Friday, July 30, 2010

Awful Krugman Post

Paul Krugman posts today on Japan, and it was not up to his usual high standards. He says the lessons from Japan's 17 years of deflation are:
1. Deflationary traps are real, because fighting deflation is really hard — just printing money doesn’t do it.

2. In the face of deflation, central bankers are remarkably creative at finding reasons to tighten. That doesn’t mean that they actually prefer deflation.
But we cannot really say that we learned that "just printing money doesn't do it" b/c Japan only printed $300 billion, and when they did, their economy briefly got better, at which point they foolishly reversed the policy, at which they fell back into recession. Maybe printing money doesn't help get rid of deflation (I don't see how this can possibly be the case, however...), but there's nothing in the Japan case which shows this.
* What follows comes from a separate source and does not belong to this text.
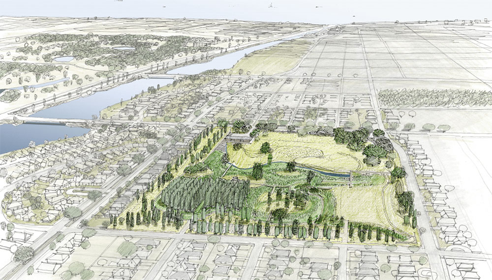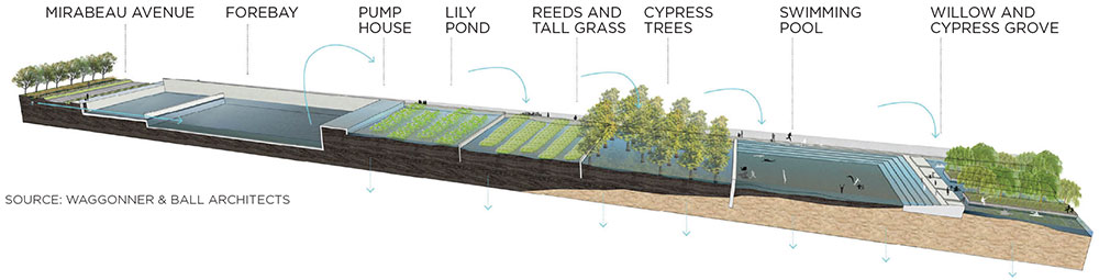 Mirabeau Water Garden, one of several demonstration projects outlined in the water plan and one component of the Gentilly Resilience District, will work with water rather than fight it — combining the design features of a 25-acre city park (this rendering shows it during a dry period) that is also a natural filtration system to mitigate floods. Neighborhood-scale initiatives will also allow home owners to floodproof their homes.
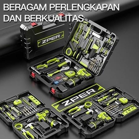 ZPER SET ALAT PERKAKAS & BOR BATERAI CORDLESS TANG OBENG PALU KUNCI PAS TOOLKIT 124 IN1 PCS ZP027 BOREK LASKAR PELANGI A

The raw correlation says precisely the opposite -- that printing even small amounts of money, such as $300 billion, has large effects, as during Japan's QE stage, deflation went from 1% to 0%, although of course that's just correlation...

#2 is spot on. The utter stupidity of our Fed is really something to behold... Nevertheless, it pales in comparison to the utter stupidity which has gone on in Japan for the past 17 years, or in Europe. The economics profession is a failed enterprise.